The home will accommodate children between the ages of three and ten as Rostron said younger children will need more care and it may be difficult to send the older children to school since there are only primary schools in the area.
The children will be provided by the Child Care and Protection Agency (CCPA) and Rostron said it will be more like a foster care arrangement rather than an institution. She emphasized that it is not an orphanage as the children to be housed there will not be parentless but rather they would have had to be removed from their homes because of some difficulties and efforts would be made to re-integrate them with their families. The children will also be allowed, based on the advice of their case worker, to spend holidays with their families.
The home will only house girls, but Rostron said that should she receive the assistance needed four more homes will be built and both boys and girls will be accommodated.
While the official launch is set for tomorrow, Rostron said, the actual housing of children will be left up to the CCPA.
“But I hope this could be done as soon as possible.

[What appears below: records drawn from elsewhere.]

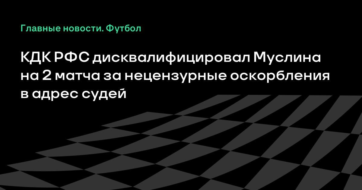 «В соответствии с частью 1 статьи 95 Дисциплинарного регламента РФС за оскорбительное поведение главного тренера ФК «Амкар» г. Пермь С. Муслина в отношении судейской бригады матча, выразившееся в использовании ненормативной лексики после окончания матча – дисквалифицировать главного тренера ФК «Амкар» г. Пермь С. Муслина на 2 матча СОГАЗ-Чемпионата России по футболу», – говорится в заявлении КДК.
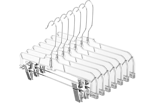 HOUSE DAY 12 Pack 14 inch Clear Plastic Skirt Hangers with Adjustable Clips
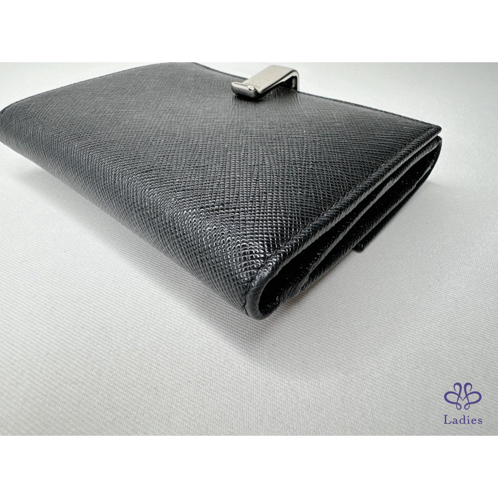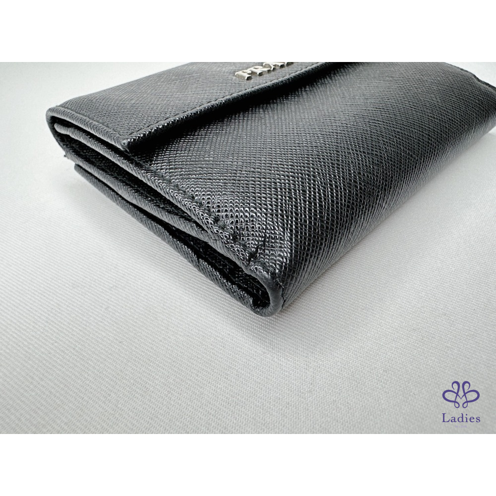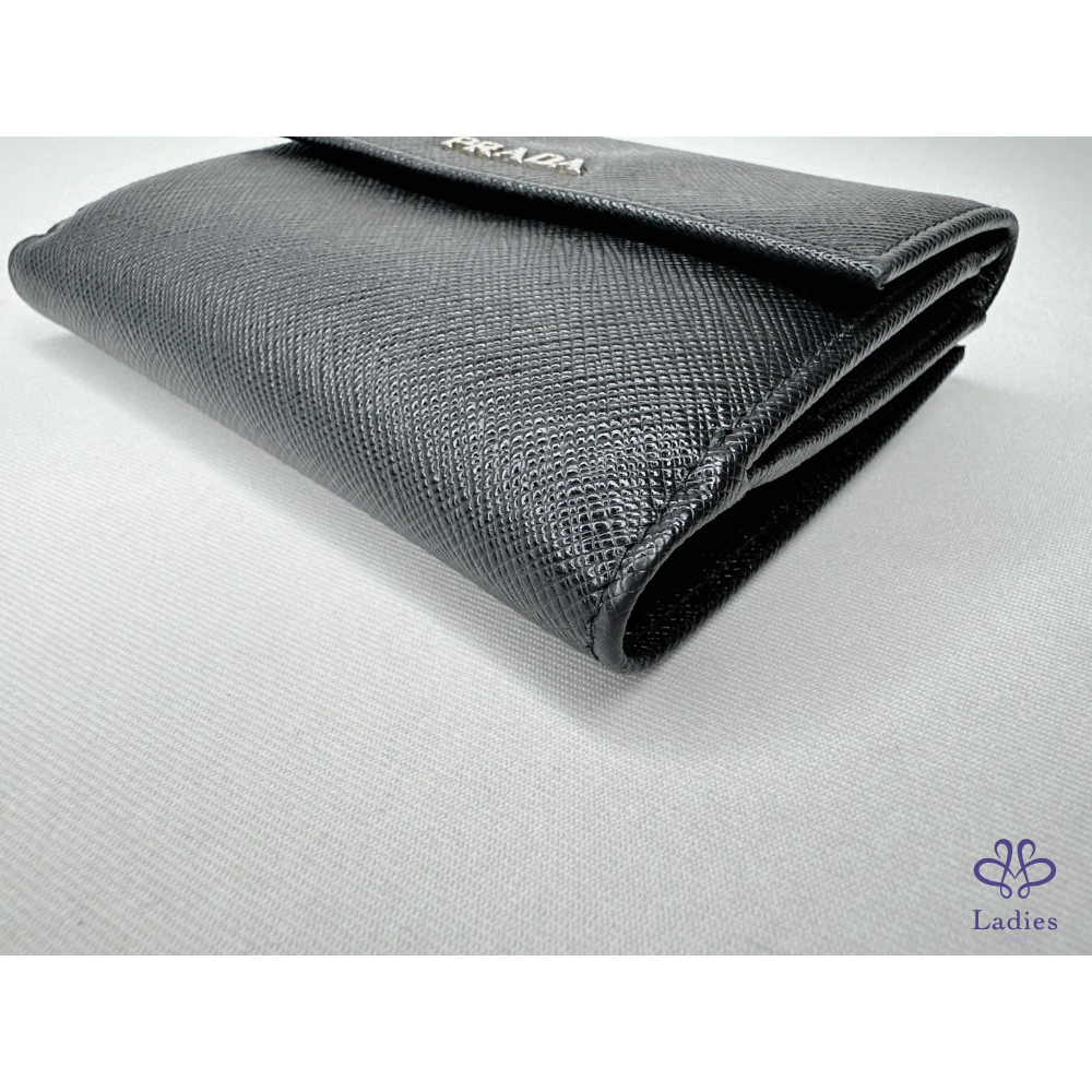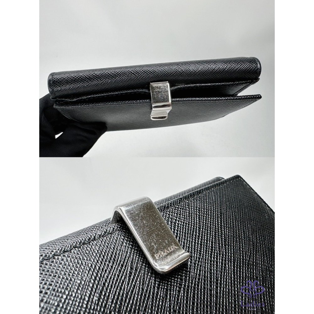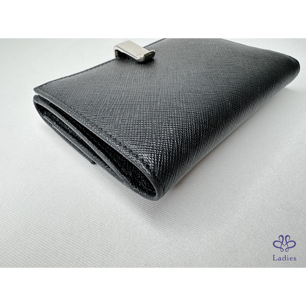 產品信息 【PRADA Saffiano皮革短夾】 錢包的Saffiano皮革十字壓紋設計 與正面的Prada金屬字樣標誌互為經典元素 6個卡夾層 / 1個鈔票層 / 1個扣式零錢袋 整體包況約9成新,二手商品均有正常使用/存放痕跡 型號:1M1002 尺寸:12.5x10cm 附件:原廠盒 #A113033008
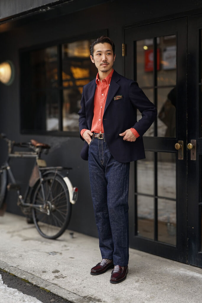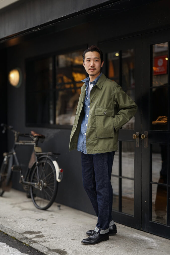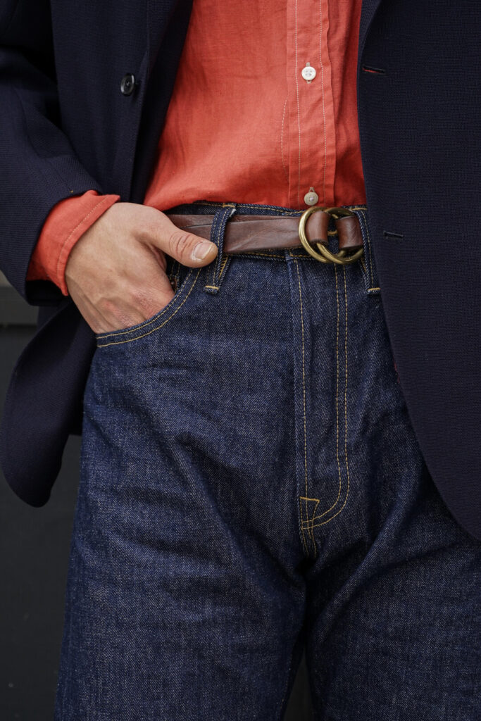 トラディショナルなスポーツコートやミリタリージャケット等、多種多様に使えるこの一本は間違いなく押さえておくべきアイテムだと思います。非常にベーシックなアイテムで”デニム”と言う物をお持ちの方は沢山いらっしゃると思いますが、こう言った背景のあるアイテムは、是非持っておいて頂きたいです。
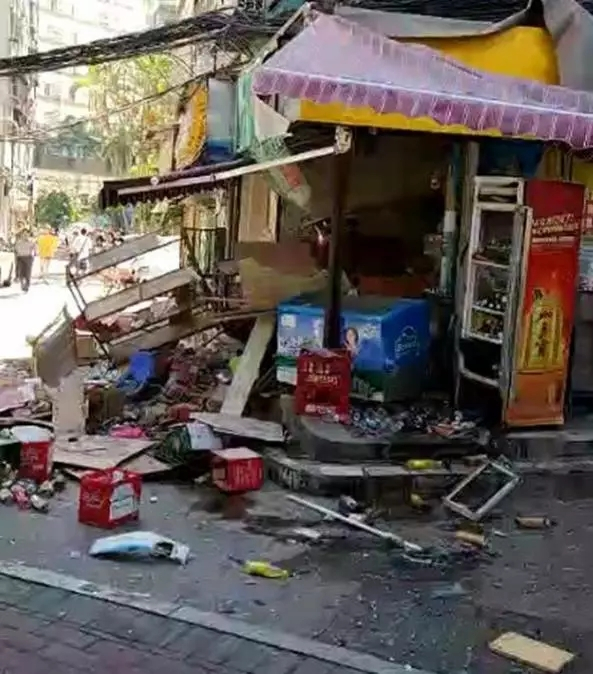 爆炸當(dāng)時(shí),士多店的墻塊、磚塊、雜物四下飛出,墻壁倒塌,甚至相隔數(shù)米之外的路邊樹葉也被震落下來(lái),商鋪內(nèi)更是一片狼藉。
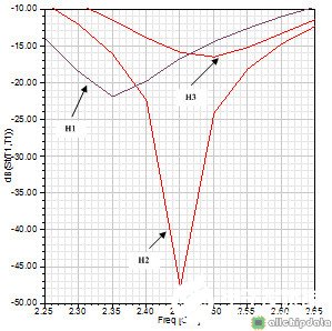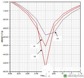 取L1=17mm,L2=16mm,L3=15mm;H1=5mm,H2=5mm,H3=3mm;S1=4mm,S2=5mm,S3=6mm,从以上的仿真结果,可以非常清晰的看到三个主要常数对天线性能的影响:即谐振长度L用于调整天线的工作频率,越短则频率越高;天线高度H可用于调整天线的带宽,H越大,带宽则越大;S则用于调整天线的回波损耗S11性能。具体的影响效果总结如下:
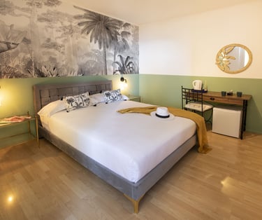 Piccola camera di circa 9m2 con bagno privato e vista sul retro della struttura. Ideale per soggiorni brevi. Un piccolo nido d'amore.
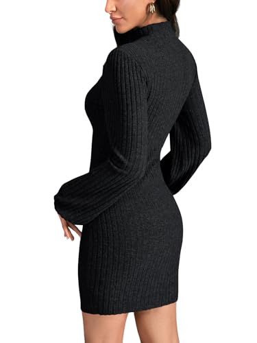 HOT ! LYANER Women's Mock Neck Lantern Long Sleeve Ribbed Knit Pullover Bodycon Sweater Short Dress
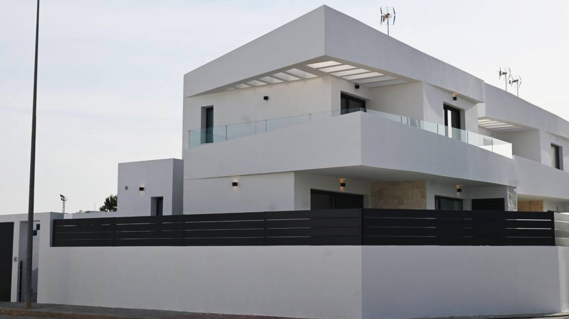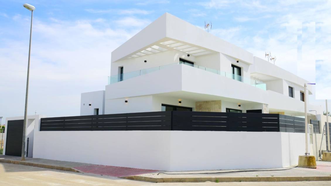 PAREADOS DE OBRA NUEVA EN DOLORES Promoción de villas y pareados de obra nueva en Dolores, Alicante. Esta exclusiva promoción cuenta con un diseño elegante y moderno. Viviendas con acabados de primera calidad, pensadas para combinar bienestar y confort. Villas y pareados modernos con parcelas de más de 200 m2. Todas las viviendas muy luminosas con 3 amplios dormitorios y 3 baños privados totalmente equipados. También hay un aseo adicional para invitados. Con su gran parcela, las viviendas disponen de jardín con piscina independiente y plaza de aparcamiento en la parcela. Vivir en Dolores es una opción maravillosa para aquellos que buscan una vida tranquila y auténtica en la Costa Blanca. Este encantador pueblo español, situado en la comarca de la Vega Baja, le ofrecerá numerosas ventajas. Dolores es una localidad situada en la provincia de Alicante perfectamente comunicada, se encuentra a tan sólo 30 minutos del Aeropuerto de Alicante-Elche, y cuenta con todos los servicios y comodidades necesarias como supermercados, restaurantes, bares y colegios. Es un pueblo con gran encanto, rodeado de impresionantes parajes naturales, como el Parque Natural de las Lagunas de la Mata y Torrevieja, podrá disfrutar de las mejores playas de la Costa Blanca situadas a pocos minutos en coche, de su gastronomía y sobre todo de la tranquilidad y armonía que le proporcionará la zona.

I would like it to be done before December 6, when I am scheduled to leave,” she said. “I need to see the fruits of my labour. It is like taking years to give birth.”
Rostron made it clear that she is more interested in “quality and not quantity” as she wants the children to be exposed to a home environment.
Rostron and her husband also have an NGO: Jesus in Action Charities Inc, through which her husband has provided service in eye surgeries at the Georgetown Public Hospital and in Linden.